# An FPGA-based Emulation Platform for Evaluation of Time-Interleaved ADC Calibration Systems

Raúl M. Sanchez<sup>†</sup>, Benjamín T. Reyes <sup>‡</sup>, Ariel L. Pola<sup>†</sup>, and Mario R. Hueda<sup>‡</sup>

<sup>†</sup> Fundación Fulgor - Romagosa 518 - Córdoba (X5016GQM) - Argentina

<sup>‡</sup> Laboratorio de Comunicaciones Digitales - IDIT - UNC - CONICET

Av. Vélez Sarsfield 1611 - Córdoba (X5016GCA) - Argentina

Emails: {breyes, mhueda}@efn.uncor.edu, arielpola@gmail.com

Abstract—This work describes a 1 Gb/s digital communication system implemented on an FPGA-based platform to investigate mixed-signal calibration techniques of time-interleaved analogto-digital converters (TI-ADCs). Design of multi-gigabit TI-ADCs is of great interest for next generation digital communication systems such as optical coherent networks. In these applications, mismatches of the sampling time, gain, offset, and frequency response among the interleaves of a TI-ADC limit the performance of the converter unless they are compensated. Typically, long computer simulation run time is required to evaluate the performance of mixed-signal calibration algorithms. We show that the FPGA-based system described in this paper drastically reduces the emulation time by more than hundreds of magnitude orders. The proposed FPGA framework includes: (i) a diagnostic and control unit built upon an embedded processor NIOSII, (ii) DSP blocks to implement the transmitter and the receiver, and (iii) a Gaussian number generator to emulate the noise channel component. Experimental results with a 2 GS/s 6-bit CMOS TI-ADC demonstrate the excellent capability of the implemented FPGA-based emulator to evaluate the performance of a mixed-signal calibration algorithm.

*Index Terms*—DSP, digital communication, feed-forward equalizer, FPGA, optical fiber, time-interleaved ADC, parallel processing.

#### I. INTRODUCTION

The new generation of fiber optical transceivers is based on complex digital signal processing (DSP) to compensate channel impairments such as chromatic dispersion or polarizationmode dispersion [1]. A typical dual-polarization (DP) quadrature phase shift keying (QPSK) coherent optical DSP receiver architecture is depicted in Fig. 1 (see [1] for details). In this architecture, the analog input signals consist of four channels, corresponding to the in-phase and quadrature components of the two polarizations.
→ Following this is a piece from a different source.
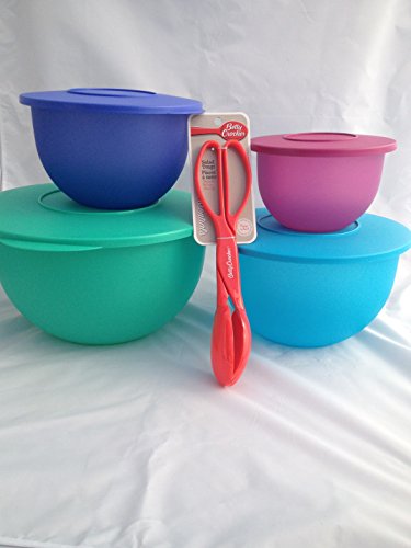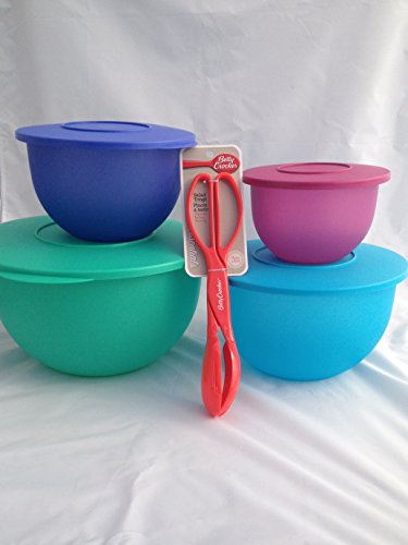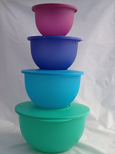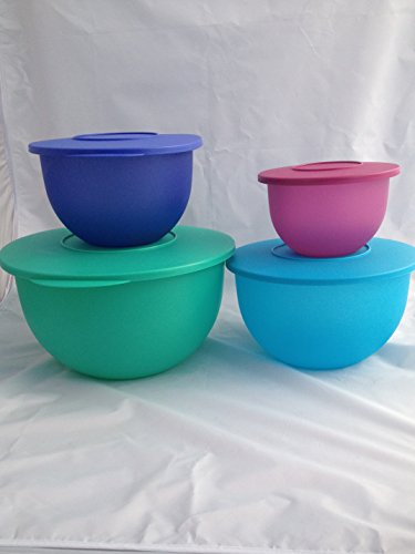 Includes four attractive color Tupperware Impressions bowls: one Radish 5.5 cup/1.2L Small, one Lupine (purple) 10 cup/2.5L Medium, one Cool Aqua 18 cup/4.2 Large and one Sea Green 32 cup/7.5L Extra Large

The signals are amplified and converted to digital domain in the analog front-end (AFE) by using four high-speed time-interleaved analog-to-digital converters (TI-ADCs). Mismatches of the sampling time, gain, offset, and frequency response among the interleaves of a TI-ADC limit the performance of the transceiver unless they are compensated. In particular, mixed-signal calibration techniques have been proposed for coherent optical transceivers [2].

Typically, long computer simulation run time is required to evaluate the performance of the different algorithms used



Figure 1. Digital signal processor architecture for a DP-QPSK coherent receiver.

in these receivers. Hardware emulation platforms can speedup the testing and validation process. Field programmable logic array (FPGA) chips are particularly suitable for emulation/implementation of digital communication systems. For example, the performance of forward error correction (FEC) blocks is commonly evaluated by FPGA emulation as a result of the large amount of symbol required (e.g.,  $\sim 10^{15}$ ) to provide reliable estimation of the bit-error-rate (BER) [3]. However, FPGA emulation is not limited to FEC blocks, and it could be useful for any other kind of algorithms. This is the case of the algorithm proposed in [2] for sampling-time error calibration in TI-ADC. This is a mixed-signal calibration technique based on mean squared error (MSE) minimization to adjust the clock phases of parallel ADCs (see blocks in gray in Fig. 1). Since this algorithm is based on a relative slow averaging of MSE at slicer, the performance verification would require a large amount of symbols processing. For example, in order to perform a phase adjustment step in one ADC channel, the simulator processes around  $10^7$  symbols [2]. If this value is extrapolated for a calibration sequence to 1000 iterations,  $\sim 10^{10}$  symbols would be required. This quantity of symbols will take only a few milliseconds in a 100 Giga-Samples/seconds (GS/s) optical receiver. Nevertheless, the computation time demanded for a simulation can scale from weeks to months if we test various signal cases. In this context, an FPGA platform to emulate a communication system is emerging as the best option for an experimental demonstration of the techniques proposed in [2].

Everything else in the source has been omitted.